According to a 2008 study published in the journal, Obstetrics & Gynecology, miscarriage risk falls rapidly with advancing gestation. The researchers studied miscarriage rates of 697 women and found that the risk of miscarriage at 6 weeks gestation was 9.4%. At 7 weeks gestation, the risk of miscarriage fell to 4.2%, and at 8 weeks of gestation, it fell to 1.5%. The overall miscarriage rate for this group of women was 1.6% (11 of the 697 women miscarried at some point during their pregnancies). 

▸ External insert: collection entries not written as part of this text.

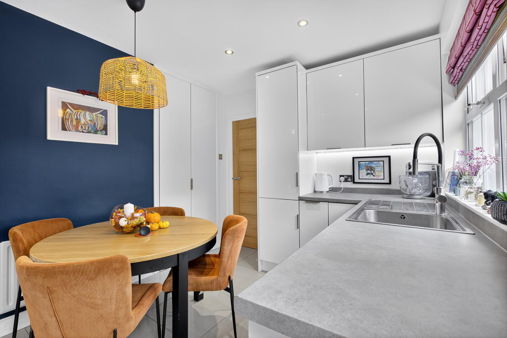 Range of high gloss eye and low level units with integrated electric hob, extractor above, high level oven, grill and microwave, dishwasher, stainless steel sink with mixer tap, work surface with matching upstand and tiled splashback, tiled flooring, radiator, built in hot press, recessed ceiling lighting, uPVC double glazed window and door to rear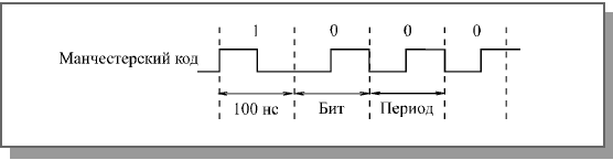 Манчестерский код (или код Манчестер-II) получил наибольшее распространение в локальных сетях. Он также относится к самосинхронизирующимся кодам, но в отличие от RZ имеет не три, а всего два уровня, что способствует его лучшей помехозащищенности и упрощению приемных и передающих узлов. Логическому нулю соответствует положительный переход в центре битового интервала (то есть первая половина битового интервала – низкий уровень, вторая половина – высокий), а логической единице соответствует отрицательный переход в центре битового интервала (или наоборот).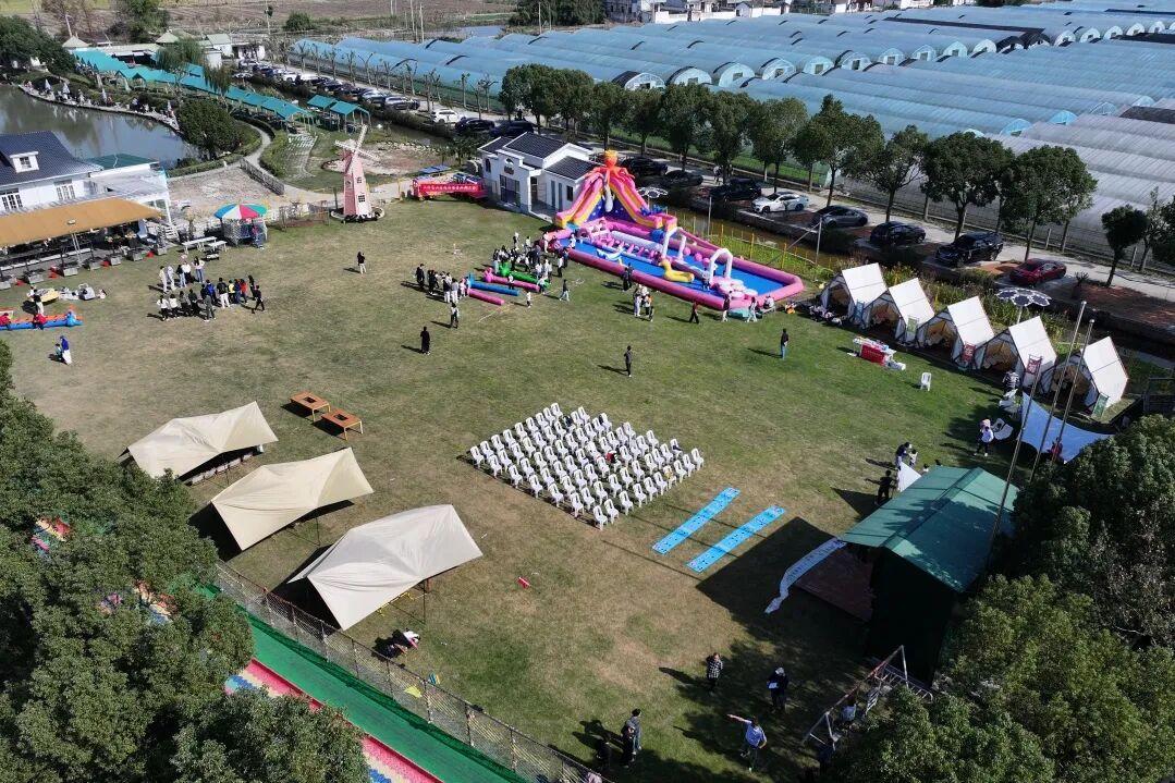 2009年,因农超对接需求,安徽籍创业者吴荣身经朋友介绍来到回龙村,彼时这里还是一片低洼的藕塘和零散的小鱼塘。“当时二话没说就把荒地整理了,合并鱼塘、复耕土地、打造草坪,一步步把种植和休闲的底子铺起来。”回忆起创业之初,吴荣身直言,从最初单纯的稻米、蔬菜种植,到如今覆盖亲子游乐、企业团建、学校研学的多元业态,新君宴用十余年时间完成了从“田间”到“田园”的蜕变。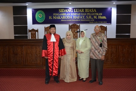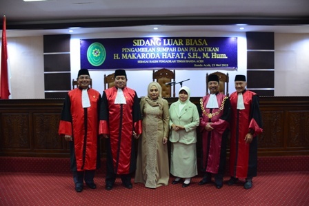 Banda Aceh, Kamis tanggal 23 Mei 2019 tepat pukul 15.00 WIB bertempat di Ruang Sidang Pengadilan Tinggi Banda Aceh dilaksanakan Sidang Luar Biasa Pengambilan Sumpah dan Pelantikan Yth. Bapak H. Makaroda Hafat, S.H., M.Hum. sebagai Hakim Tinggi Pengadilan Tinggi Banda Aceh. Yth. Bapak H. Makaroda Hafat, S.H., M.Hum. sebelumnya menjabat sebagai Hakim Pengadilan Negeri Jambi.

This study involved women who did not have any symptoms of miscarriage when they were first enrolled in the study, and where evidence of fetal heartbeat was seen via ultrasound during their first prenatal visit (the first visit took place between week 6 and week 11 gestation). 

So, if you have seen a fetal heartbeat on the ultrasound, and if you are not experiencing any symptoms of a miscarriage (i.e. heavy cramping, bleeding), then your risk of miscarriage is likely to be similar to the women in this study. 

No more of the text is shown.